The Court of Bologna, monocratic, definitively pronouncing, provides as follows:
1. REJECTS the appeal;
2. DECLARES the complete compensation of litigation costs.
Bologna, June 1, 2026
The Honorary Judge
Dr. [OMISSIS]
EDIT: After reading the reddit comments on this post, I think it’s necessary to add a personal note to clarify the context and the intentions behind it.
Notably, in response to the comment “While positive case anecdotes are called “marketing announcements”, negative case announcements are what?”
I understand the perplexity, and I find it legitimate. However, I’d like to clarify the perspective from which I shared this ruling.
A service provider who thinks first of their own self-interest has every incentive to publish content or spread news that pushes for immediate action: more lawsuits filed, more fees. This post does exactly the opposite. It reports an unfavorable ruling, without reassuring comments, without invitations to proceed. Therefore, it can certainly not be considered marketing. If anything, it is uncomfortable information that, frankly, I regret having to publish (nobody likes to come across as a harbinger of bad news) and it costs me financially because it reduces the potential pool of my clients.
Nevertheless, I do it with conviction, because I believe that anyone evaluating legal action in this matter must do so with full awareness of the real risks, not just the opportunities. And the risk here is not just financial, however considerable it may be. In Italy, the principle of ne bis in idem applies: once a final judgment has been issued on a matter (meaning that further levels of judgment, if pursued, in the Court of Appeals and the Court of Cassation, have been exhausted), that same matter cannot be brought back into question. A lawsuit initiated today, in a case law context that is still uncertain and not consolidated, can end in a defeat that forever precludes any future possibility — even if the regulatory or interpretive framework should eventually improve.
And if there were still any doubt about the intent of this post, there is an objective fact that speaks for itself: content like this, which reports unfavorable decisions, systematically gathers far fewer “likes” compared to those where I share positive rulings. It is understandable — nobody likes bad news. But that is precisely why I will continue to publish them. My goal here is not to gather consensus, but to offer complete and honest information to those who find themselves having to make decisions so important for their lives, as well as for their wallets. And information that omits (or minimizes) risks is not information: it is misleading advertising, against which, among other things, the client has numerous protective tools provided by our legal system (we will return to this soon).

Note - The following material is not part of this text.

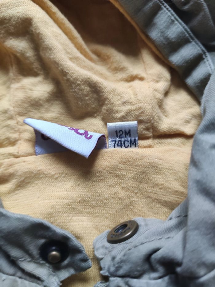 Manteau mi-saison avec capuche, de taille 1 an, de couleur kaki, idéal pour le printemps. En très bon état.

As for the observation about the nuances between cases, I take the point: “Is this finality not over-simplified, when there are nuances between cases and the recent Cassazione ruling on consular inaccessibility?” — but perhaps I was not sufficiently clear on a fundamental aspect: everything I reported in the post is not my personal opinion, let alone strategic guidance. They are the judge’s statements, reported in the most objective way possible, without additions or interpretations.
My only personal contribution — and I reiterate it — remains the invitation to exercise the utmost caution and prudence before undertaking any action.